■ EXCERPTED RECORDS ■
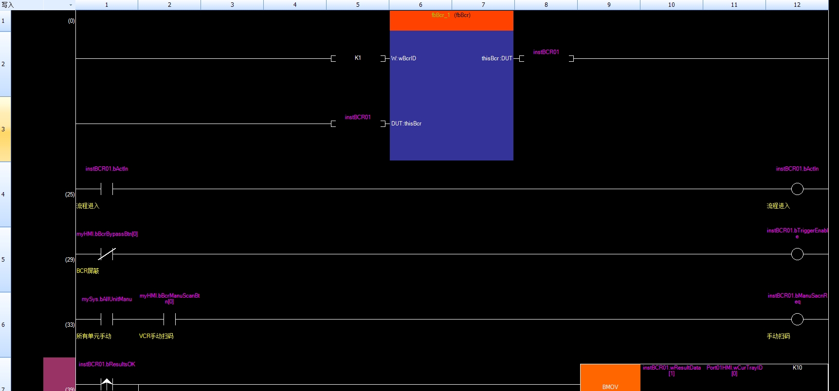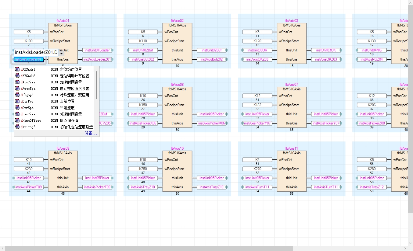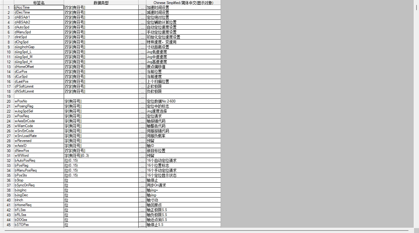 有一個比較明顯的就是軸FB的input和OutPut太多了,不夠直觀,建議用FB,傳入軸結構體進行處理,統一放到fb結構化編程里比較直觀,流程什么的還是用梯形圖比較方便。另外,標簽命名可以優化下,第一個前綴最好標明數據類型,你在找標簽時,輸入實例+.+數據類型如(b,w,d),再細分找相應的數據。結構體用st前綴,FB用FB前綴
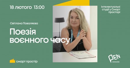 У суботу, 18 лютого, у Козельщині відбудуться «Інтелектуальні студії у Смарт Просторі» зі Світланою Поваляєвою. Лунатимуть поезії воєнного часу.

---

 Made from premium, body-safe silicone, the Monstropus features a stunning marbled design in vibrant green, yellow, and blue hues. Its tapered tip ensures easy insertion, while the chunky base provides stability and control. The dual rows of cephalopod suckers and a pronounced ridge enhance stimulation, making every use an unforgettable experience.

■ ACTIVITY ■
Would you please repeat only the lines above, beginning at the one that has "有一個比較明顯的就是軸FB的" and stopping after the one that has "У суботу, 18", exactly and with no pictures?

■ TASK SOLUTION ■
 有一個比較明顯的就是軸FB的input和OutPut太多了,不夠直觀,建議用FB,傳入軸結構體進行處理,統一放到fb結構化編程里比較直觀,流程什么的還是用梯形圖比較方便。另外,標簽命名可以優化下,第一個前綴最好標明數據類型,你在找標簽時,輸入實例+.+數據類型如(b,w,d),再細分找相應的數據。結構體用st前綴,FB用FB前綴
 У суботу, 18 лютого, у Козельщині відбудуться «Інтелектуальні студії у Смарт Просторі» зі Світланою Поваляєвою. Лунатимуть поезії воєнного часу.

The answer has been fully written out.